(Beginning of Supplied data)

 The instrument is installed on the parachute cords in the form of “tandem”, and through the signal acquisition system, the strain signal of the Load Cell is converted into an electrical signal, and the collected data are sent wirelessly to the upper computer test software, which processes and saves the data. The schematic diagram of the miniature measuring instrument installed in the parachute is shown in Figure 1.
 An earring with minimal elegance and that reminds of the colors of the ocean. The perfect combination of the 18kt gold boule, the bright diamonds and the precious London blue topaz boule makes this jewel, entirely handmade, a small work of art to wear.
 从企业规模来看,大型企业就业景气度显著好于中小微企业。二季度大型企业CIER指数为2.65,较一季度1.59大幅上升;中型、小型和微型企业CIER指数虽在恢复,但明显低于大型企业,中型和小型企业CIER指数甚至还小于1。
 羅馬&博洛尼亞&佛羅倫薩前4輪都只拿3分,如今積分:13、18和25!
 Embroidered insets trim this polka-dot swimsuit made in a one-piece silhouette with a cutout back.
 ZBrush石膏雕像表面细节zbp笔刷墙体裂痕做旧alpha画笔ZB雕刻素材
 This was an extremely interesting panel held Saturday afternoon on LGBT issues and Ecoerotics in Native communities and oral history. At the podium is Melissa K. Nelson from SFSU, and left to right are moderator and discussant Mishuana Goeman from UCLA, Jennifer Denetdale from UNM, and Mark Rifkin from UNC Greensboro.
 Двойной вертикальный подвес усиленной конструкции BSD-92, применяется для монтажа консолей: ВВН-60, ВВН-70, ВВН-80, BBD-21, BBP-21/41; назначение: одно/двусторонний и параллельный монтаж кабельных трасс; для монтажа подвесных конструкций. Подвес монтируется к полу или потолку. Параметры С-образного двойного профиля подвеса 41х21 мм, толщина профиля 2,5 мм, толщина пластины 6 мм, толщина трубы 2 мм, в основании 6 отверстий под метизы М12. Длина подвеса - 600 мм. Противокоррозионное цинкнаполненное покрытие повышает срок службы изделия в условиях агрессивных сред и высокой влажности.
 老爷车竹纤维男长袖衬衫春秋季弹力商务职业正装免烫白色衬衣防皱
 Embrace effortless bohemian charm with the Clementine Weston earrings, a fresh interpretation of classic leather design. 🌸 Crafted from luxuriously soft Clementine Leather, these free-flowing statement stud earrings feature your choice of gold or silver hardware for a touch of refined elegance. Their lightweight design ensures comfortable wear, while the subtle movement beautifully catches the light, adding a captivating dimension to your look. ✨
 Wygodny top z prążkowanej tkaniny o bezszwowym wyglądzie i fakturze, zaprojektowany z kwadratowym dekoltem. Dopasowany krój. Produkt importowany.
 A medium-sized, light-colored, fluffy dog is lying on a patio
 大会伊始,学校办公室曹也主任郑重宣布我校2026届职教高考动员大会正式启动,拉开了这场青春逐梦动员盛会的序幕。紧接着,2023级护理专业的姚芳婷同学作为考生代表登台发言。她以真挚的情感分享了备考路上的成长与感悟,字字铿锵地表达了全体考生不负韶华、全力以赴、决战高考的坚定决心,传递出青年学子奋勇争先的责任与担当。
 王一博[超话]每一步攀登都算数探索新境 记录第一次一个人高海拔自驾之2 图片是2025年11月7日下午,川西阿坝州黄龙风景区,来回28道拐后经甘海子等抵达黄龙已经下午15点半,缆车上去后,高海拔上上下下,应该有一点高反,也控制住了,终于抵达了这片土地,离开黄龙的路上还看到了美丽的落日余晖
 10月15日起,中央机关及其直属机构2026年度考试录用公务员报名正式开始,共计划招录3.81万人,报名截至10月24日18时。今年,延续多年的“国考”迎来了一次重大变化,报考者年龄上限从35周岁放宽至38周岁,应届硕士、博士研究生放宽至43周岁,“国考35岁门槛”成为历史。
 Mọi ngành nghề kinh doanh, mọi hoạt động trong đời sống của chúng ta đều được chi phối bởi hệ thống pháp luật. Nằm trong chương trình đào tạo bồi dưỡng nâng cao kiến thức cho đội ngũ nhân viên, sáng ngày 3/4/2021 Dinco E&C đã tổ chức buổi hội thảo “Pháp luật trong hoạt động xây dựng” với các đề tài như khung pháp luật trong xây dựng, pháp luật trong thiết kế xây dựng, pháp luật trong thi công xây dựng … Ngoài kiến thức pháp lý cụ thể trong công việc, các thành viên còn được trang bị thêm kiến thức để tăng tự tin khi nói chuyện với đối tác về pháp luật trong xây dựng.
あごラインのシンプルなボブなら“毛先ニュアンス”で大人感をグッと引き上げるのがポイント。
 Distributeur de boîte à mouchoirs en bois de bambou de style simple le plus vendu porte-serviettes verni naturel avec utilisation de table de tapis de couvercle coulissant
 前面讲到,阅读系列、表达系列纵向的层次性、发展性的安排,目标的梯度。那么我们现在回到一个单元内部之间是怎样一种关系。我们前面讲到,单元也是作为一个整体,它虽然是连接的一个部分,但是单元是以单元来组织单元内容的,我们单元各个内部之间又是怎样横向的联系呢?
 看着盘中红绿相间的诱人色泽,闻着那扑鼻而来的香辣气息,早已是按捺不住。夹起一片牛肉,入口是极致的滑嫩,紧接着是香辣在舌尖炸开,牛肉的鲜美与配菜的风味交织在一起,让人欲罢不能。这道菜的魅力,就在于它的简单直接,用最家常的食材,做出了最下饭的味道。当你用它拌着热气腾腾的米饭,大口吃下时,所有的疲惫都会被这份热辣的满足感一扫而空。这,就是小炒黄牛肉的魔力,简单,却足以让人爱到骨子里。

(End of Supplied data)

**What is being asked**
Exactly as they appear above, output the lines of the data from the first through the one that contains "An earring with", and only those lines.

**Completed task**
 The instrument is installed on the parachute cords in the form of “tandem”, and through the signal acquisition system, the strain signal of the Load Cell is converted into an electrical signal, and the collected data are sent wirelessly to the upper computer test software, which processes and saves the data. The schematic diagram of the miniature measuring instrument installed in the parachute is shown in Figure 1.
 An earring with minimal elegance and that reminds of the colors of the ocean. The perfect combination of the 18kt gold boule, the bright diamonds and the precious London blue topaz boule makes this jewel, entirely handmade, a small work of art to wear.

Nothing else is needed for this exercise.